*PROBLEM DETAILS*: Please repeat only the lines below starting at the line that holds "date | 14/03/2024 |" and ending at the line that holds "Magis 自 2005", exactly, with both of those lines included and every picture omitted.

*DATASET EXCERPTS*:
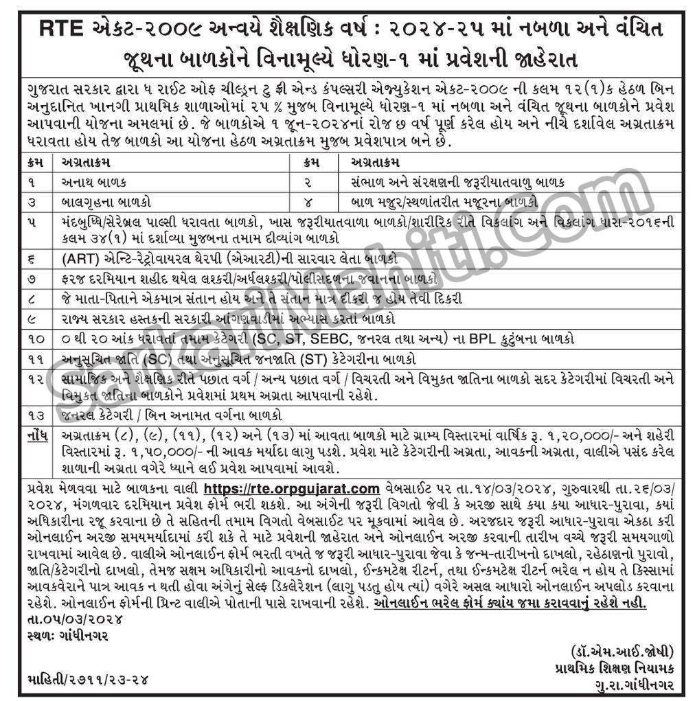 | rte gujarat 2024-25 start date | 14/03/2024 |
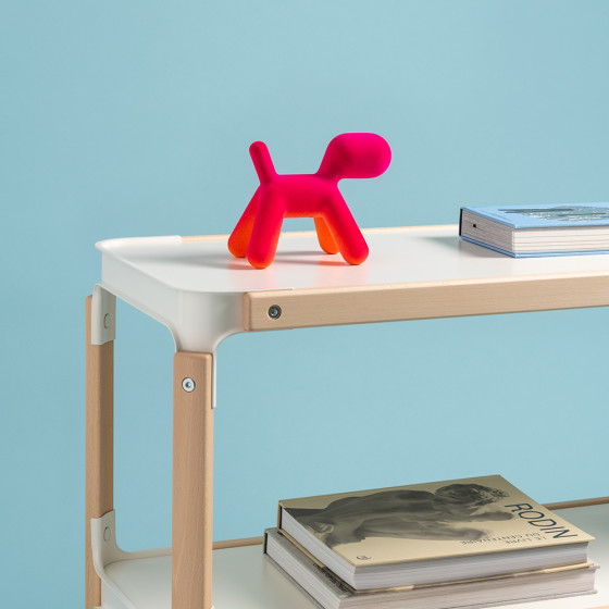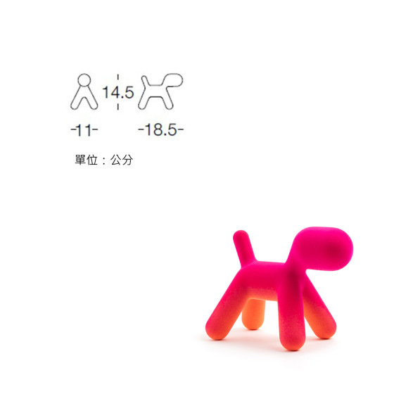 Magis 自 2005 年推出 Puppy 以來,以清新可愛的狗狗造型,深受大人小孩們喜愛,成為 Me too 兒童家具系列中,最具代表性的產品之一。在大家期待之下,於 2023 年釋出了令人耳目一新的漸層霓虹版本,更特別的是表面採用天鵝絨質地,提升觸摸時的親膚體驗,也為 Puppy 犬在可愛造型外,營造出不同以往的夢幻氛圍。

...

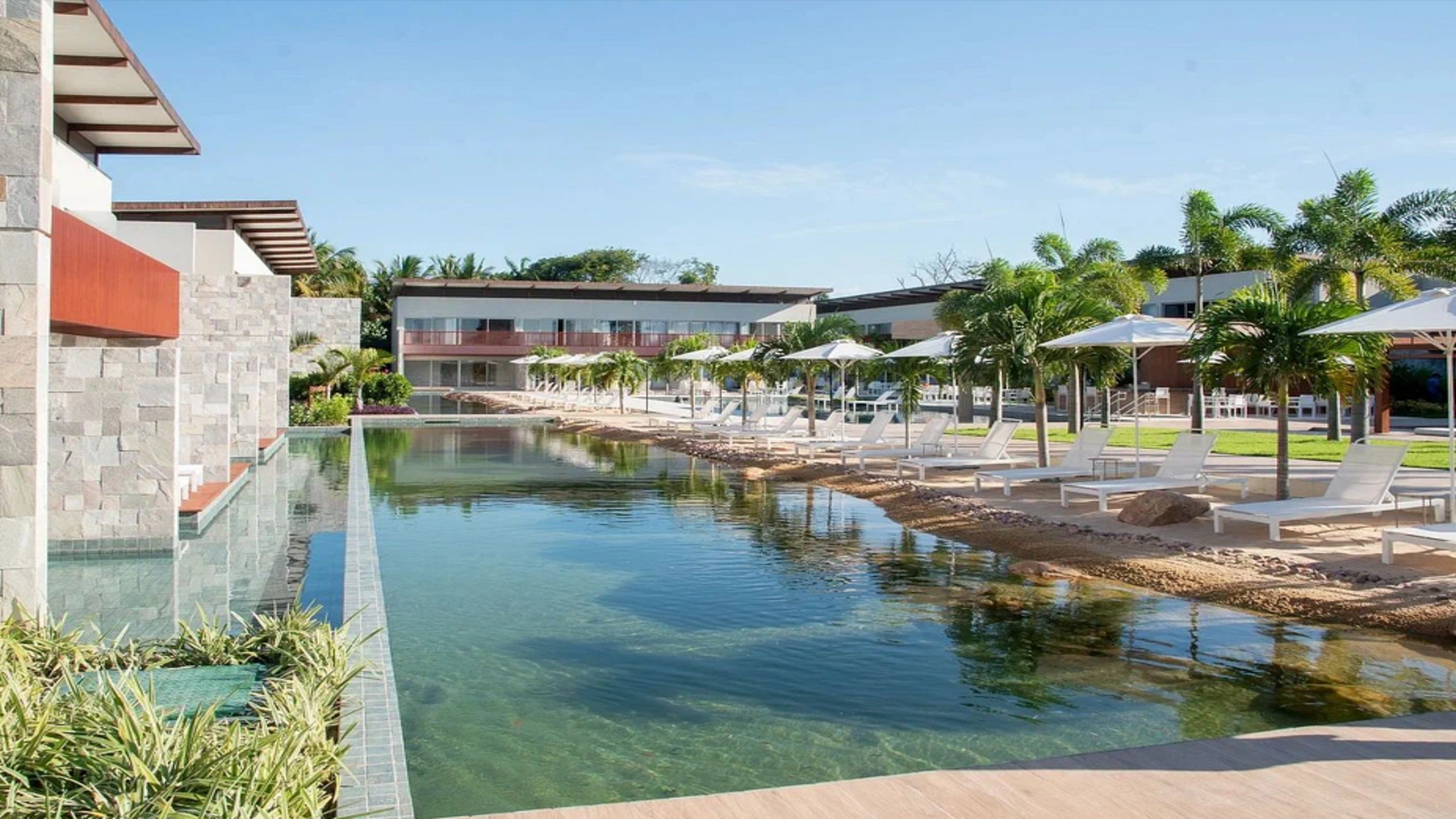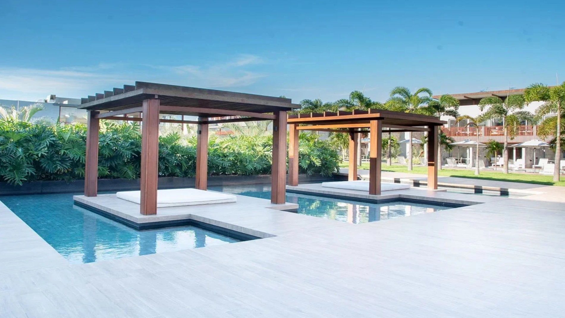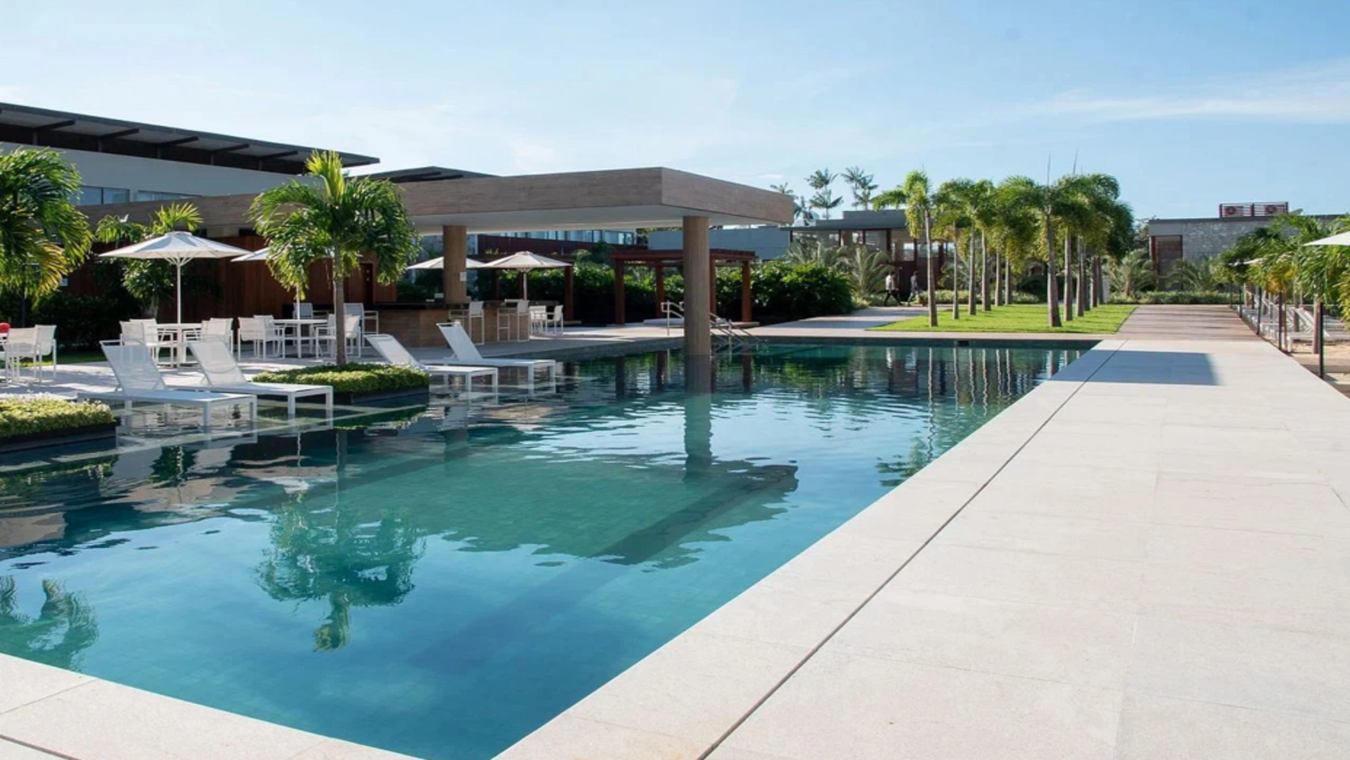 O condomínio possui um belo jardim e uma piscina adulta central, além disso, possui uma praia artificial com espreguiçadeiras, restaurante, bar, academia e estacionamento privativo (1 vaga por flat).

*RESPONSE TO THE EXERCISE*:
 | rte gujarat 2024-25 start date | 14/03/2024 |
 Magis 自 2005 年推出 Puppy 以來,以清新可愛的狗狗造型,深受大人小孩們喜愛,成為 Me too 兒童家具系列中,最具代表性的產品之一。在大家期待之下,於 2023 年釋出了令人耳目一新的漸層霓虹版本,更特別的是表面採用天鵝絨質地,提升觸摸時的親膚體驗,也為 Puppy 犬在可愛造型外,營造出不同以往的夢幻氛圍。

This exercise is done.